Uniform Distribution
A type of probability distribution where all outcomes are equally likely.
traintestsplit()
A function in scikit-learn used to split datasets into training and testing sets.
NaNs
Stands for 'Not a Number', representing missing or undefined data in datasets.
Abstract Class
A class that cannot be instantiated on its own and must be subclassed; contains at least one abstract method.
Abstract Method
A method defined in an abstract class that has no implementation and must be implemented by subclasses.
Static Method
A method that does not operate on an instance of the class or require class context.
Instance Method
A method that works on the instance of a class (typically uses 'self').
Concrete Method
A method in a class that has a complete implementation.
.set_index()
A Pandas method that sets a specified column as the index for a DataFrame.
.reset_index()
A Pandas method that resets the index of a DataFrame; drop=True removes the old index.
.loc[]
A Pandas accessor for label-based subsetting, allowing selection by index or column names.
df.groupby()
A method in Pandas that groups data by a column's values and is often used with aggregation functions.
Subset
A filtered portion of a dataset, containing specific rows and/or columns.
Pivot Table
A data processing tool that summarizes and reshapes data in a way similar to Excel pivot tables.
One-Hot Encoding
A method of converting categorical variables into a format suitable for machine learning algorithms.
Training Data
Data used to train a machine learning model, containing examples and known outcomes.
Testing Data
Data used to evaluate the performance of a trained machine learning model.
Model Fitting
The process of training a machine learning model on a dataset to learn patterns.
Feature Engineering
The process of selecting, modifying, or creating features from raw data to improve model performance.
Overfitting
A modeling error that occurs when a model learns noise and details in the training data to an extent that negatively impacts its performance on new data.
Underfitting
A situation where a model is too simple to capture the underlying trend of the data.
Cross-Validation
A method to evaluate model performance by dividing the data into subsets to ensure it generalizes well.
Hyperparameter Tuning
The process of optimizing the parameters that govern the training algorithm of a model.
Bagging
A machine learning ensemble method that helps reduce variance by training multiple models and averaging their predictions.
Boosting
An ensemble technique that adjusts weights of weak learners to minimize errors.
Confusion Matrix
A table used to describe the performance of a classification model, showing true positive, false positive, true negative, and false negative predictions.
AUC-ROC Curve
A performance measurement for classification problems at various threshold settings; ROC is a graphical plot of true positive rate against false positive rate.
Gradient Descent
An optimization algorithm used to minimize the cost function in machine learning.
Regularization
A technique used to prevent overfitting by adding a penalty to the loss function.
Decision Tree
A machine learning model that splits data into branches to make predictions based on feature values.
Random Forest
An ensemble machine learning model that constructs multiple decision trees at training time and outputs the mode of their predictions.
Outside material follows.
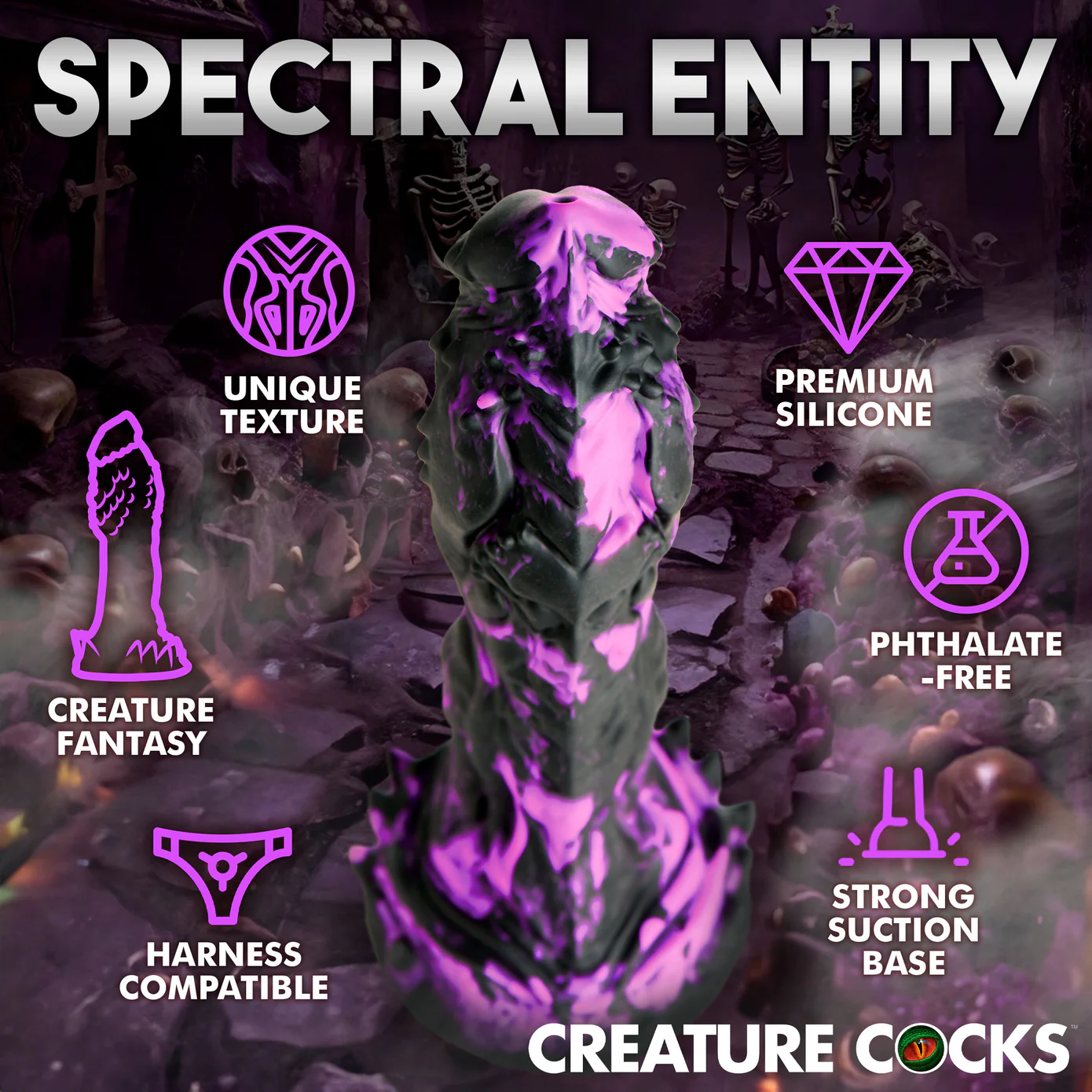 Su base ancha proporciona una potente succión para que puedas usar las manos libres colocándolo sobre cualquier superficie plana para mantenerlo en su lugar. ¡También puedes combinarlo con un arnés con correa compatible para juegos de pegging! Hecho de silicona premium sin ftalatos, tiene un núcleo firme y una superficie suave y sedosa. ¡Explora todas las escenas de ciencia ficción, fantasía, juegos de rol o cosplay que desees con este épico juguete para adultos!

Support Vector Machine (SVM)
A supervised machine learning model that separates data points using hyperplanes to classify them.
Neural Network
A model inspired by the human brain, consisting of interconnected 'neurons' for processing information.
Deep Learning
A subfield of machine learning that uses neural networks with many layers to learn complex patterns.
Transfer Learning
A technique where a pre-trained model is reused on a new problem to improve efficiency or performance.
Feature Importance
A technique to determine which features in a dataset are most influential for making predictions.